One of three things need to happen and happen fast.
First, either move the race to the Lucas Oil Raceway Park or to the infield road course.
Road racing has become more and more popular with the fans in the last couple of years and the smaller tracks have always been a hit to those buying tickets (think Martinsville, Bristol and Richmond). The stock cars are simply too big and the track too big for an entertaining race. There’s maybe a groove and a half to race on and passing is a rarity. Let the guys get on one of the other tracks and beat and bang like the good old days.
Second, Darrell “Bubba” Wallace needs to build on his third-place finish from Sunday’s race.
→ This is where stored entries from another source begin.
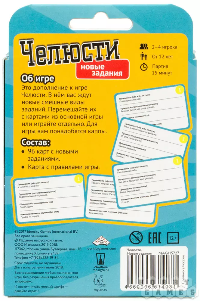 Дополнение "Челюсти. Новые задания" удивит вас новыми карточками с новыми задачками и словами, которые произнести без подготовки невозможно!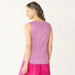 Women’s Croft & Barrow® Classic Comfort Collection Striped Tank Fuchsia Stripe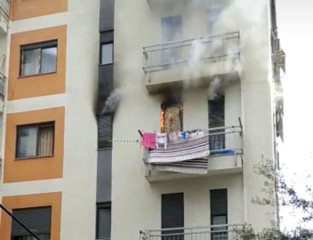 Një banesë është përfshirë nga flakët mëngjesin e kësaj të enjtje në Tiranë.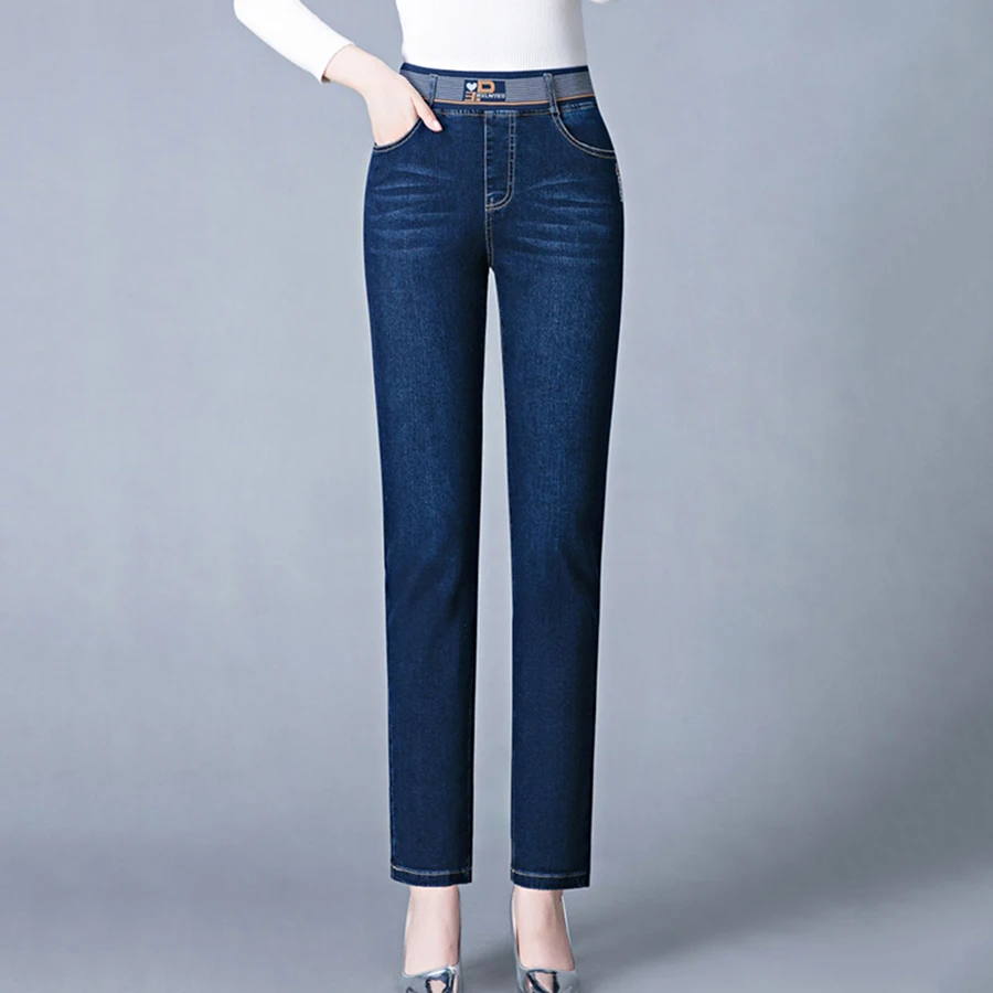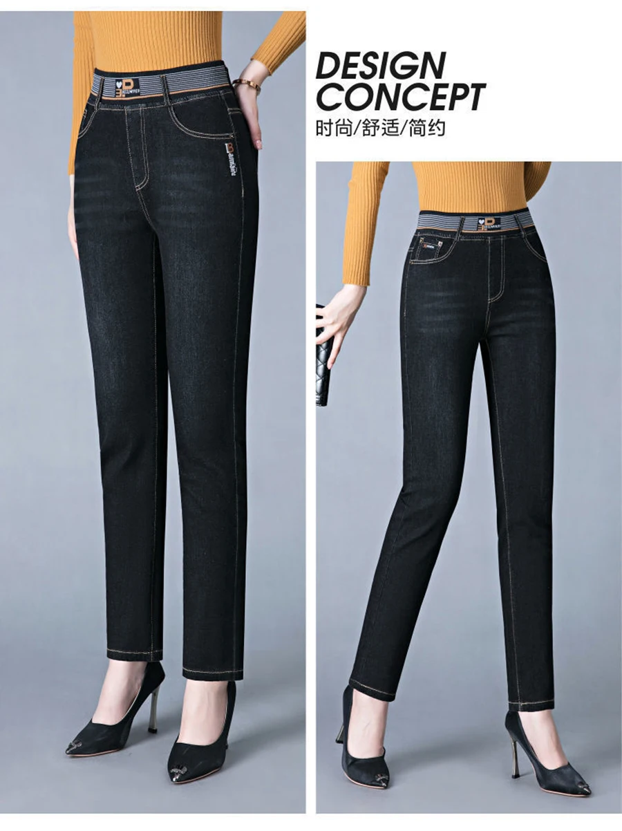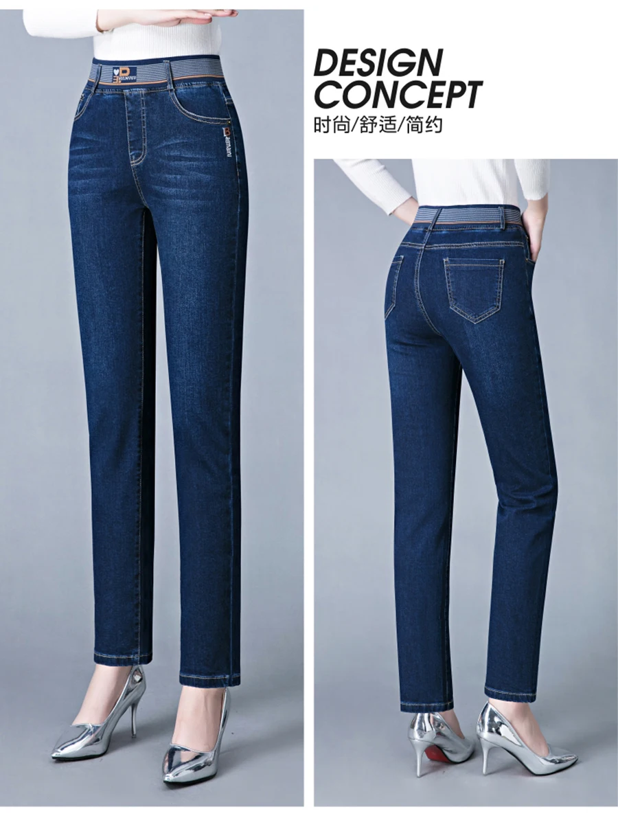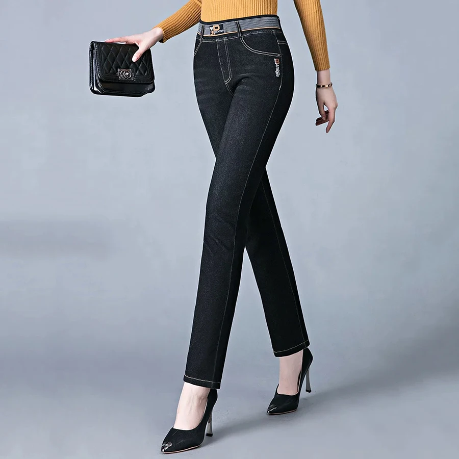 Korean Big Size 36 Straight Jeans Women Casaul Vintage Denim Pants Retro Trousers High Waist Vaqueros Stretch Kot Pantalones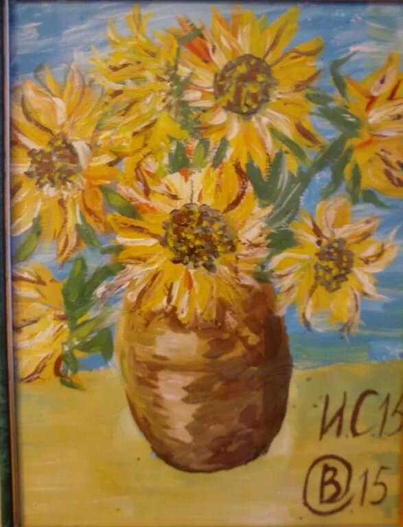 подсолнухи. Плохого в этом нет ничего. Ван Гог отрыл нам интересное направление. И я тоже написала свою картину с подсолнухами. Дома картины нет. Я подарила ее доктору, когда лежала в больнице в очередной раз. Ей было приятно. И мне тоже. Надеюсь, и вам понравится моя работа. Заходите ко мне в гости. Я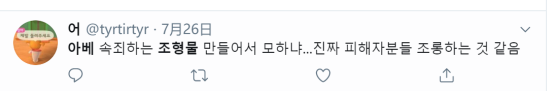 “‘在少女像前下跪的安倍雕像’,不知道什么团体干的,真的很幼稚,水准太低。”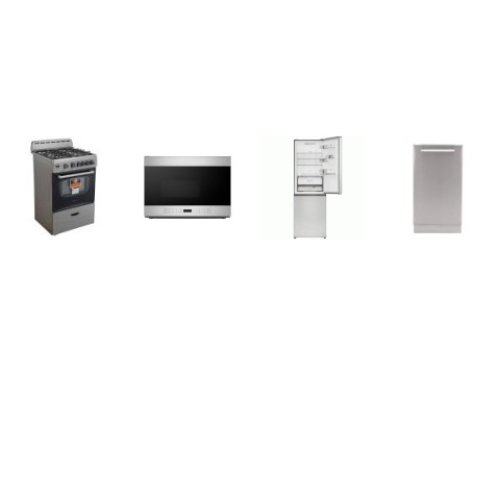 APT SIZE 4 STAINLESS : Avanti 24 inch Gas Range Oven, 18 inch 53 dBA Dishwasher, And Sharp 24 Inch OTR Microwave, 24 in. Bottom-Freezer Counter-Depth Refrigerator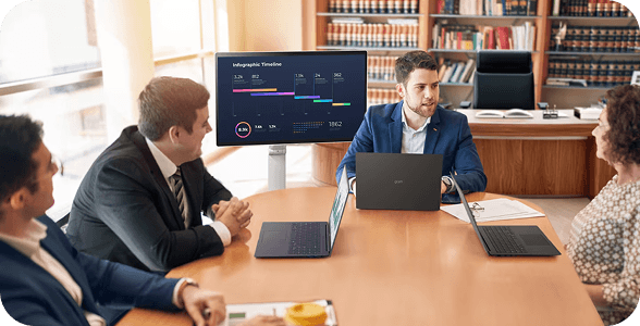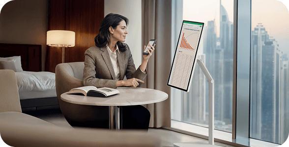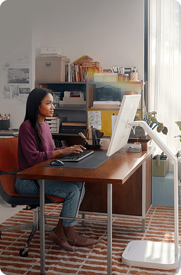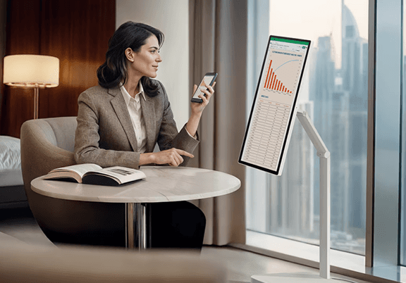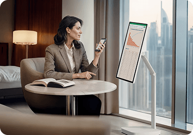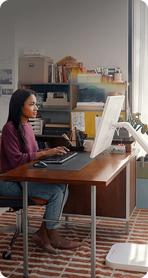 Doświadcz swobody projektowania swojego biznesu. Wszechstronne funkcje monitora, regulowana podstawa i rozszerzona łączność sprawiają, że jest on idealnym towarzyszem, płynnie dostosowującym się do Twoich potrzeb w każdym środowisku pracy. Niezależnie od tego, czy pracujesz w biurze, w siedzibie klienta, czy zdalnie, to rozwiązanie pozwala pracować mądrzej, szybciej i wydajniej.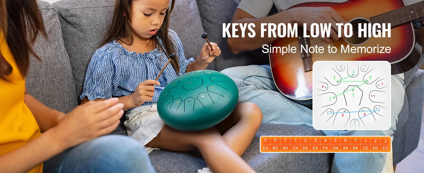 Die Stahltrommel mit ihrem breiten Tonspektrum bereichert die Ausdruckskraft der Musik. Darüber hinaus macht ihr benutzerfreundliches Design das Lernen und Spielen außergewöhnlich einfach und sorgt für endlosen Musikgenuss.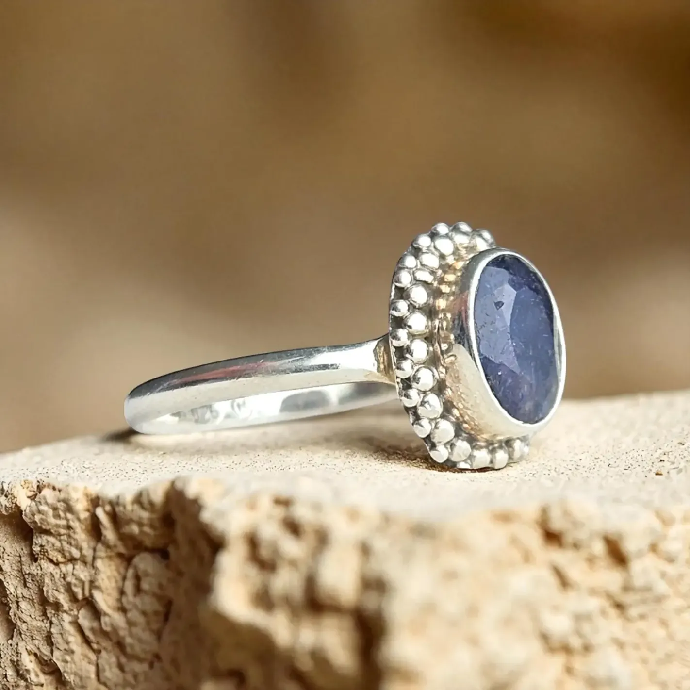 Le saphir, pierre de vérité, d’intuition et de clarté mentale, est ici taillé en ovale (8 mm x 5 mm) et monté sur un anneau en argent fin. Il agit puissamment sur le chakra du troisième œil et de la gorge, favorisant l’expression juste, la concentration profonde et la guidance intérieure. C’est une pierre précieuse associée à la sagesse, à la loyauté et à la paix intérieure. Elle est idéale pour soutenir une quête spirituelle, affiner la perception subtile et renforcer la stabilité mentale dans les périodes d’introspection ou de recherche de sens.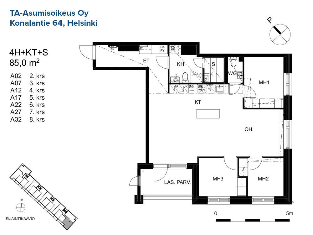 A 2 4h+kt+s 85,0 m² 2/8 Kerrostalo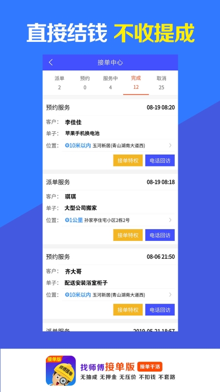 绝对免费,毫无套路,既无抽成,也无押金!客户直接付款,提供电话、抢单、预约、雇佣四种接单方式,让您接单毫无后顾之忧!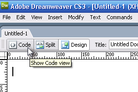 Kliknite na zavihek Code, da odprete kodni način urejanja strani.

Wallace has perhaps the most potential and definitely the charisma to be the next big thing for the sport. He says what’s on his mind, has a great personality and to be honest, Wallace could not care less what the more established drivers think of him. Listening to him on radio communications with his team is usually a fun show in itself.
A great case in point is him and Busch banging doors down the straightaway at Watkins Glen a couple weeks back. Not long after swapping paint with the brash, polarizing Busch, Wallace promptly dumped Busch’s No. 18 M&M’s car at the end of the straightaway. Radio communications between Wallace and his team let it be known he didn’t really care what Busch and/or NASCAR thought of what he did.
Wallace mingles with the fans, has adapted to Twitter and other forms of social media and with a little bit of success could bring in a new generation of fans. Even my son, who has no interest whatsoever in NASCAR, knows who Bubba Wallace is. With some success, maybe the younger generation of fans will come on board so the sport doesn’t continue to spiral down the drain.
Last, but not least, why not give up on the Brickyard?
As noted before, if it was any other track besides Indy there’s little doubt series’ officials would have pulled the plug already. Give Darlington back a second race, it’s definitely much more exciting from a fans’ perspective and off the record, most drivers would probably admit they’d prefer to run twice at Darlington as opposed to the single date at Indianapolis.
In other words, to make a long story short, the racing at IMS is boring to a fault for the most part, with a few exceptions there is no personality on the driver roster. The sport could use more Bubba Wallaces and Matt DiBenniditos.